O escritor Lúcio Mauro Dias resumiu a trajetória da jornalista em poucas palavras. "Mulher forte e cheia de vida que se tornou um ícone de perseverança diante das injustiças do mundo."
Já o morador de Guaratinguetá Fabio Selles Ribeiro, que disputou uma eleição ao lado de Lúcia, destacou sua atuação em defesa das causas humanitárias.
"Hoje nos despedimos de Lúcia Helena. Tive a honra de tê-la como companheira de chapa pelo PT na disputa à Prefeitura de Guaratinguetá. Mulher de cultura vasta, autora que retratou com maestria a saga do povo e das mulheres palestinas, ela trouxe leveza, justiça e amor ao próximo para a nossa caminhada. Guará, o Brasil e o mundo perdem uma defensora única dos direitos humanos."
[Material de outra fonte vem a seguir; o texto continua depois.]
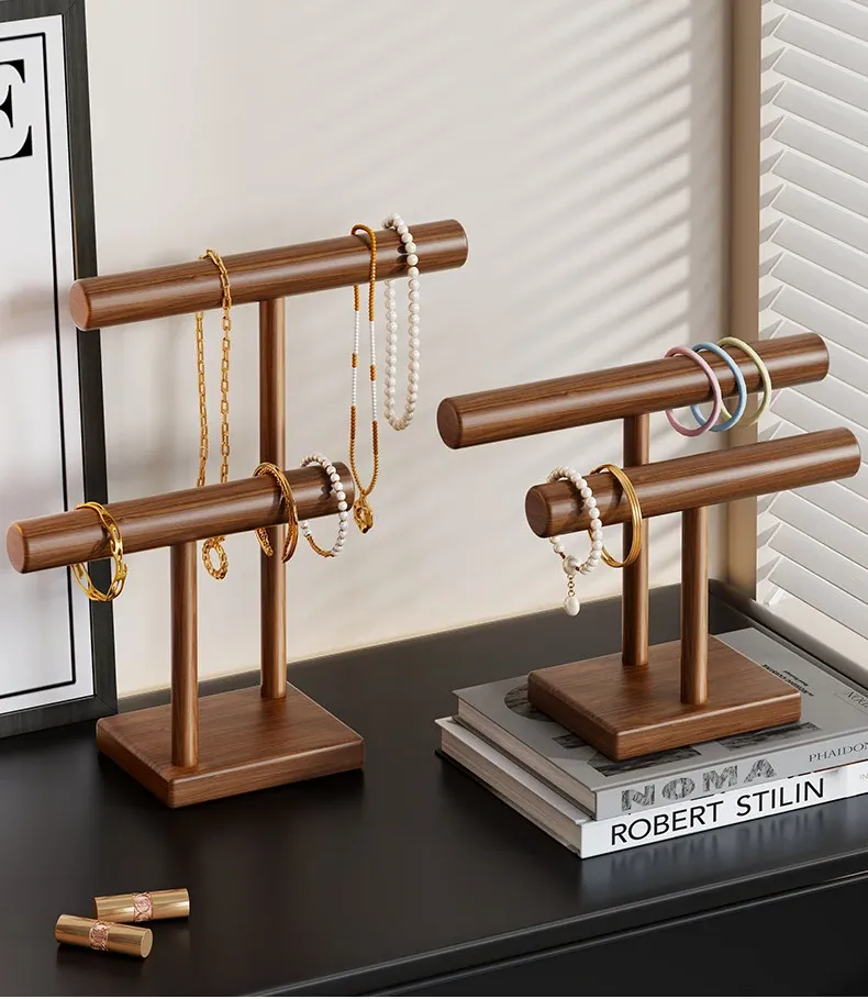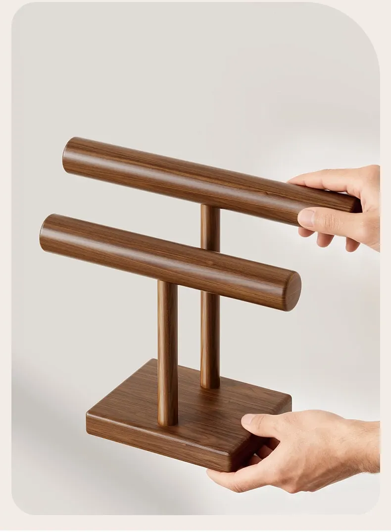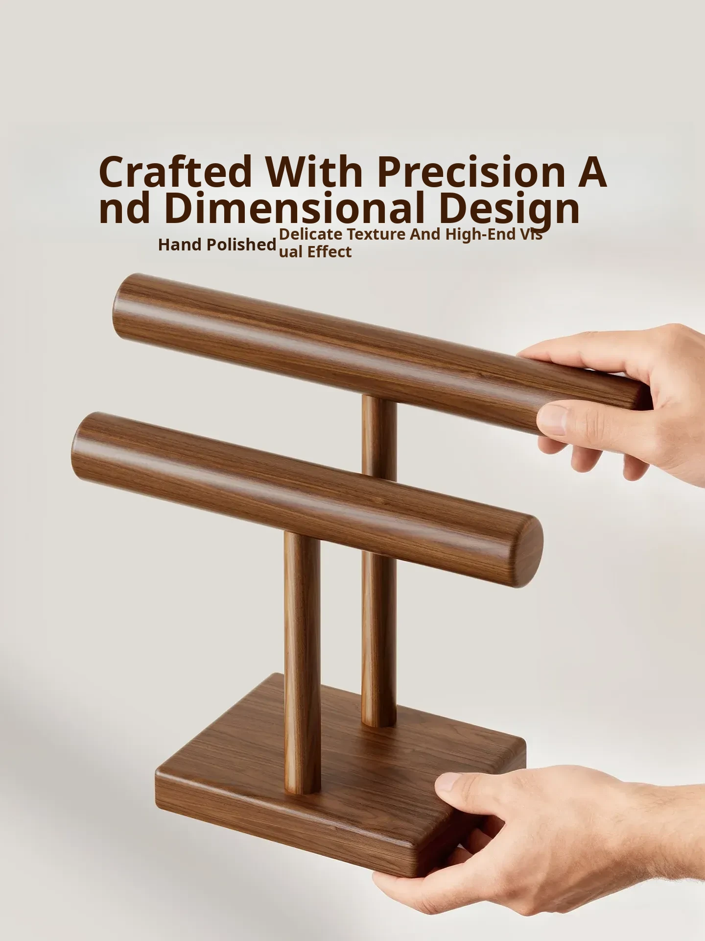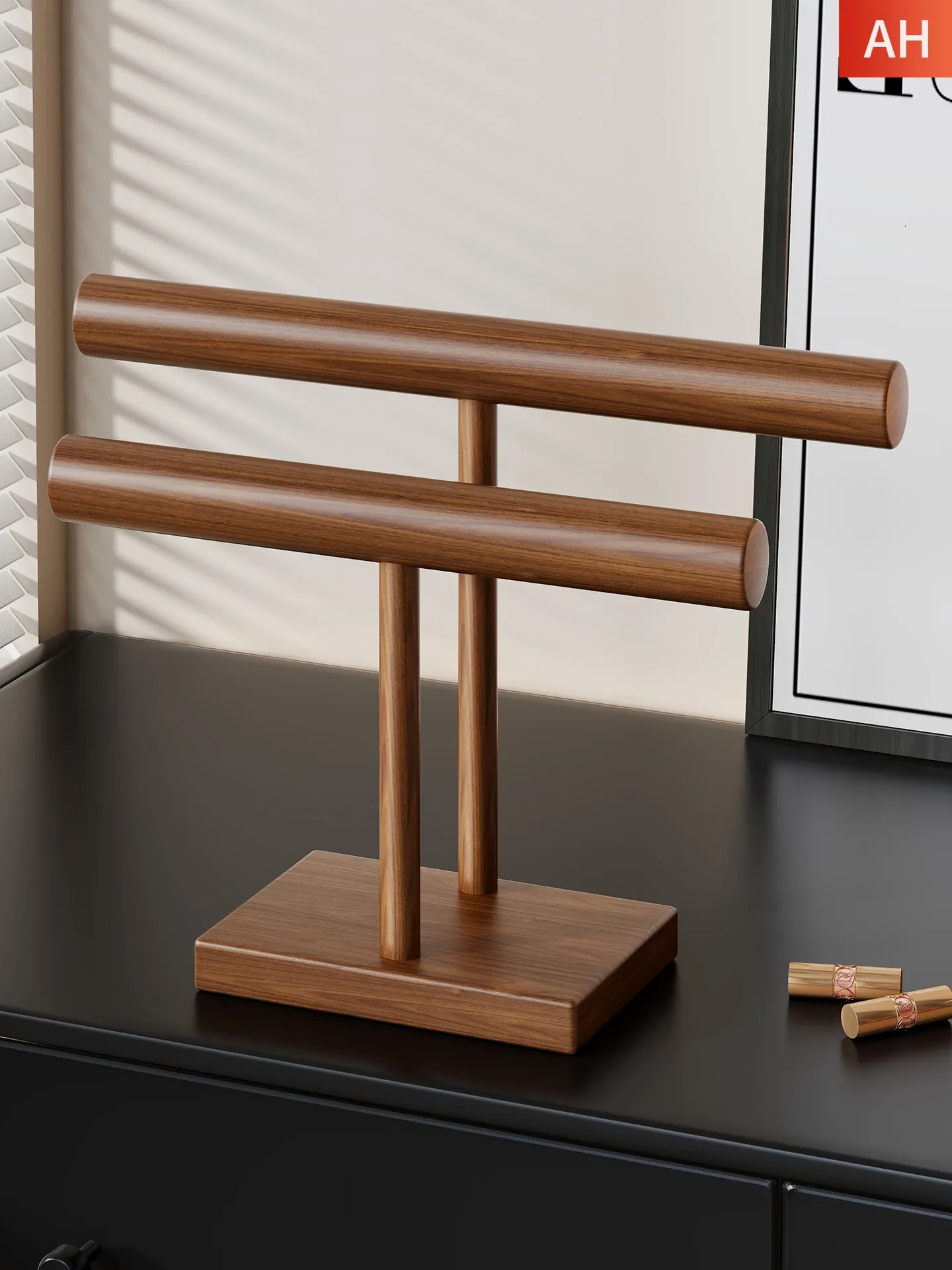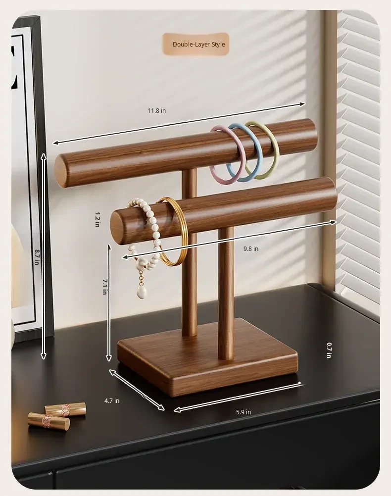 Walnut Wood Double-Layer Jewelry Display Stand - Elegant and Practical Necklace & Bracelet Organizer for Home Use, Perfect for Showcasing Your Accessories

O engenheiro Paulo Orlandeti, amigo da família, também publicou uma mensagem de despedida. "Dia de se despedir de minha irmã que a vida gentilmente me deu. Muita luz para toda a família. Abraço fraterno."
Missa marca despedida e celebra legado
A missa de sétimo dia vai reunir familiares, amigos, colegas de profissão e pessoas que foram inspiradas pela história de Lúcia Helena. Mais do que um momento de despedida, a celebração simboliza o reconhecimento por uma trajetória construída com coragem, sensibilidade e compromisso em dar voz às vítimas de guerras, desigualdades e violações de direitos humanos.
Mesmo após sua partida, a jornalista deixa um exemplo de perseverança, solidariedade e amor ao próximo, valores que marcaram sua vida pessoal e profissional e que continuam inspirando quem acompanhou seu trabalho.